Serverless Computing, Prometheus & Push

No doubt bringing up the push vs pull debate here would be to beat a dead horse… however… with the increase in popularity of “serverless” compute platforms in recent years, such as AWS Lambda, Google Cloud’s Functions, Cloud Run and AppEngine, I wonder if this part of the problem space doesn’t need to be reconsidered?

One thing these platforms have in common is that individual instances aren’t generally discoverable / scrapeable, however they are not used exclusively for batch/ephemeral jobs. Autoscaling of instances is the norm, as is short-to-medium duration instance lifespan.
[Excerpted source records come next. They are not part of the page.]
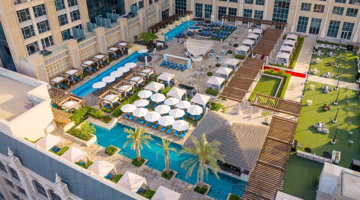 Take a serene escape at The Roof Gardens pool at Al Habtoor Palace.
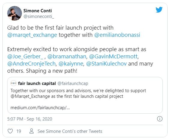 Marqet será el primer proyecto que se ejecutará en el marco de “Fair Launch Capital“, una organización que tiene como objetivo otorgar subvenciones a través de sus patrocinadores a proyectos, lo que les permite tener un lanzamiento justo.
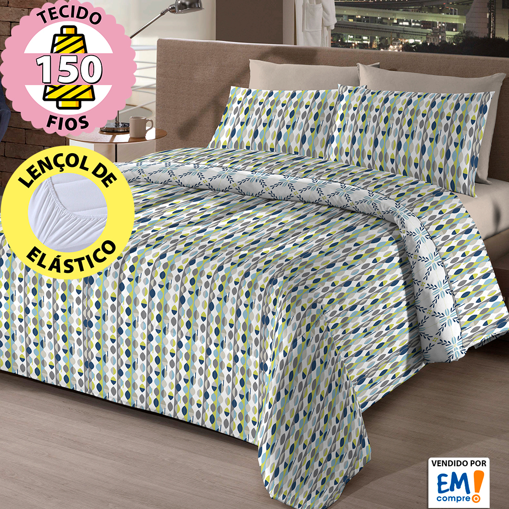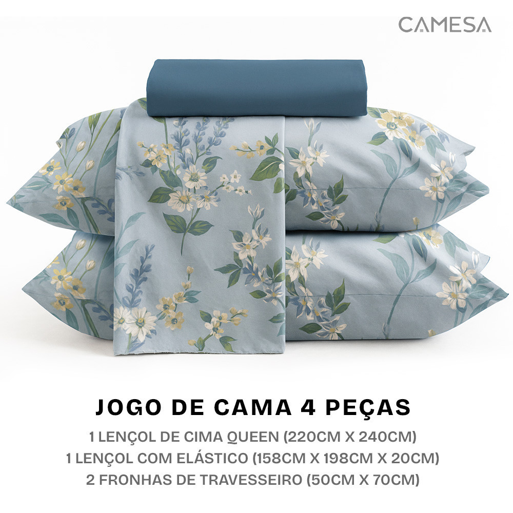 Jogo De Cama Lençol Queen 4 Peças 150 Fios Antialérgico Camesa - Emcompre
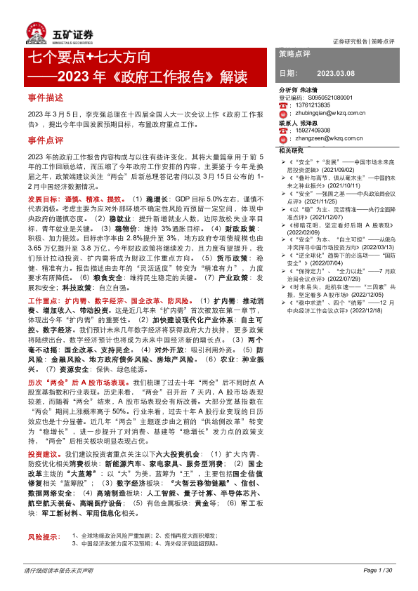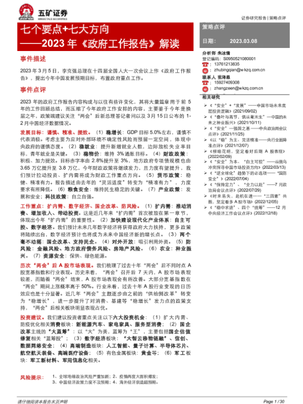 【五矿证券】【20230308】2023年《政府工作报告》解读:七个要点+七大方向-29页
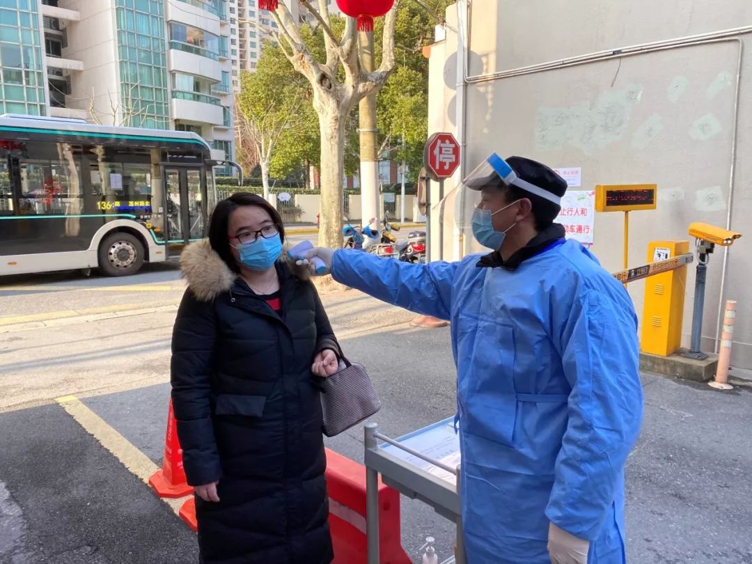 保卫部结合上级精神,拟定《保安告知书》下发安保人员“一人不漏”学习,强化人员“疫情信息保密意识、个人情况报告意识、执勤把关责任意识”。沪杰安保经理何平和石兰生是负责院内在岗安保人员的自身防护的“守护人”。他们为每位安保队员进行体温检测,严防“带病上岗”。每日负责与保卫部对接将防护物资申领到位、发放到位。除此以外还对春节请假返沪人员,严格落实特殊史情况检查、报告、登记制度,确保“零感染”人员入院上岗。
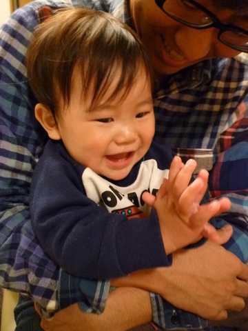 みんながニコニコ歌ってくれてるのが嬉しかったみたい。よかったね。みんながお祝いしてくれてるよ。おめでとう。

For developers trying to build an entirely “serverless” solution, who would generally prefer to use Prometheus because of the great client libraries, exposition format, query language and performance, they find themselves unable to do so.

We have the Pushgateway, but this itself needs to be a separate long-running and discoverable job, and is a potential bottleneck for large serverless workloads.

Is there any appetite to re-consider first class Push support in the Prometheus server, or greater investment in making Pushgateway a more scaleable solution?

My ideal outcome would be a SaaS provider offering the Push API in such a way that it can consume all the metric streams of a large organization and store them in Prometheus. Then developers could monitor applications with Prometheus without having to deploy an long-running daemon style infrastructure, with all its associated cost and complexity.

Thanks for considering!
-dgc

1 Like

[dgc] dgc https://discuss.prometheus.io/u/dgc
March 25

No doubt bringing up the push vs pull debate here would be to beat a
dead horse… however… with the increase in popularity of “serverless”
compute platforms in recent years, such as AWS Lambda, Google Cloud’s
Functions, Cloud Run and AppEngine, I wonder if this part of the
problem space doesn’t need to be reconsidered?

One thing these platforms have in common is that individual instances
aren’t generally discoverable / scrapeable, however they are not used
exclusively for batch/ephemeral jobs. Autoscaling of instances is the
norm, as is short-to-medium duration instance lifespan.

For developers trying to build an entirely “serverless” solution, who
would generally prefer to use Prometheus because of the great client
libraries, exposition format, query language and performance, they
find themselves unable to do so.

We have the Pushgateway, but this itself needs to be a separate
long-running and discoverable job, and is a potential bottleneck for
large serverless workloads.

Is there any appetite to re-consider first class Push support in the
Prometheus server, or greater investment in making Pushgateway a more
scaleable solution?

As you are probably aware the Push gateway is really designed for
individual short lived jobs (e.g. cron) rather than dynamic serverless
applications. In general for serverless/managed systems from the major
cloud providers the only option is the vendor’s logging & metrics
solution. For example if you want metrics for a (managed) AWS load
balancer you need to look at Cloudwatch, or if you want lambda logs look
at Cloudwatch Logs. While you can overlay overlay another
metrics/logging system to some extent (for example you could send lambda
logs to Elasticsearch & metrics to statsd) it would only cover certain
parts - it would be based on your code, so wouldn’t include anything
outside of that (for example no total function duration, network
traffic, cost, logs if it failed to start, etc.).

As a result you are basically forced to use the built in metrics/logging
solutions from the cloud provider. In the ideal world they would expose
this information as a scrapable Prometheus format endpoint (AWS MKS
actually has an option for this), but I’d not hold my breath.

“Push” doesn’t significantly help here - you would still only be able to
use that for a tidy selection of metrics from your code (e.g. a custom
business metric), meaning that you are still dependant on the vendor’s
metrics system.

Instead I think you should be looking at things like the Cloudwatch
Exporter to pull in metrics from the vendor system into the Prometheus
ecosystem - it is the only way for many useful metrics (serverless
networking information, etc.)

My ideal outcome would be a SaaS provider offering the Push API in
such a way that it can consume all the metric streams of a large
organization and store them in Prometheus. Then developers could
monitor applications with Prometheus without having to deploy an
long-running daemon style infrastructure, with all its associated cost
and complexity.

My ideal would be the vendor offering an endpoint from which you can
pull Prometheus metrics - push can be easier for some things, but also
has its own problems. For example it might only allow for a single
destination (meaning you couldn’t have HA servers or a distributed
system design, or have to run a distribution application) or only a
single interval (even if multiple destinations).

There is an aggregation gateway that is explicitly designed for push sample use case.

But the big thing I would love to have is native Prometheus/OpenMetrics support from these frameworks. But it’s difficult, because it takes away side-effect sales from the platform (AWS Lambda/ GCP Cloud Functions/etc) monitoring solutions (Cloudwatch/Stackdriver/etc)